> **Activity**
Return an exact copy of the lines from the one holding "Pet Wellbeing Hairball" to the end of the data, including both the starting and final lines. Leave the pictures out.

> **Material provided**
···
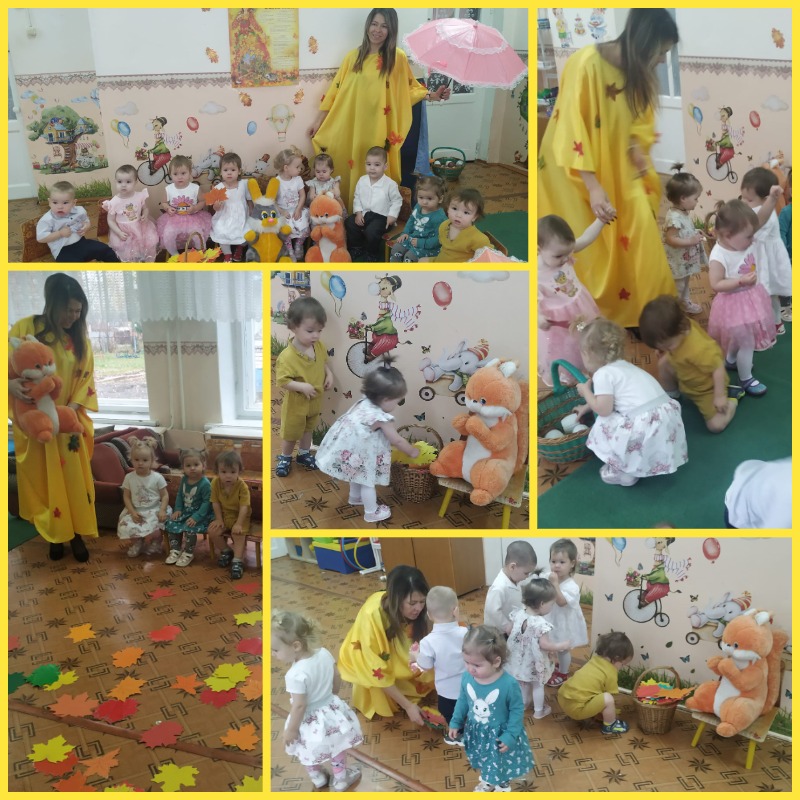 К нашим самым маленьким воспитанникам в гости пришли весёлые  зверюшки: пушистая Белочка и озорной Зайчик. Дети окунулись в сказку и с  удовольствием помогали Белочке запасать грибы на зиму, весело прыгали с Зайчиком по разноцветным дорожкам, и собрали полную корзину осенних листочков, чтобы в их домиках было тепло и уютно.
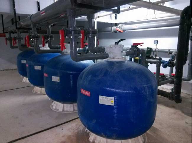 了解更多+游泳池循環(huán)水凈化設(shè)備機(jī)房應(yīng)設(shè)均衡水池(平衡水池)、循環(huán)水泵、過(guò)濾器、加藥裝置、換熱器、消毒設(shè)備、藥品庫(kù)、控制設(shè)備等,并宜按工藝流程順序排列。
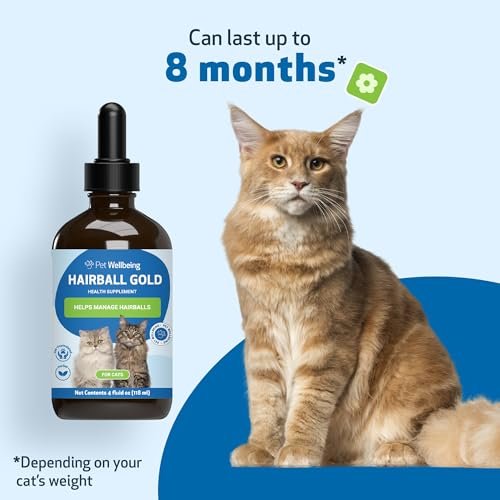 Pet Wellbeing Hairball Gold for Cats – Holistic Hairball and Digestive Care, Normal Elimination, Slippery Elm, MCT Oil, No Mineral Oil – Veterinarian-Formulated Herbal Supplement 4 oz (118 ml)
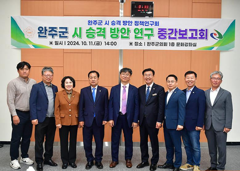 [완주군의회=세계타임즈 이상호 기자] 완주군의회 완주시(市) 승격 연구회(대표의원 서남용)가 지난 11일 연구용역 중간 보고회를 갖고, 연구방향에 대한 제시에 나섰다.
···
> **Problem solution**
 Pet Wellbeing Hairball Gold for Cats – Holistic Hairball and Digestive Care, Normal Elimination, Slippery Elm, MCT Oil, No Mineral Oil – Veterinarian-Formulated Herbal Supplement 4 oz (118 ml)
 [완주군의회=세계타임즈 이상호 기자] 완주군의회 완주시(市) 승격 연구회(대표의원 서남용)가 지난 11일 연구용역 중간 보고회를 갖고, 연구방향에 대한 제시에 나섰다.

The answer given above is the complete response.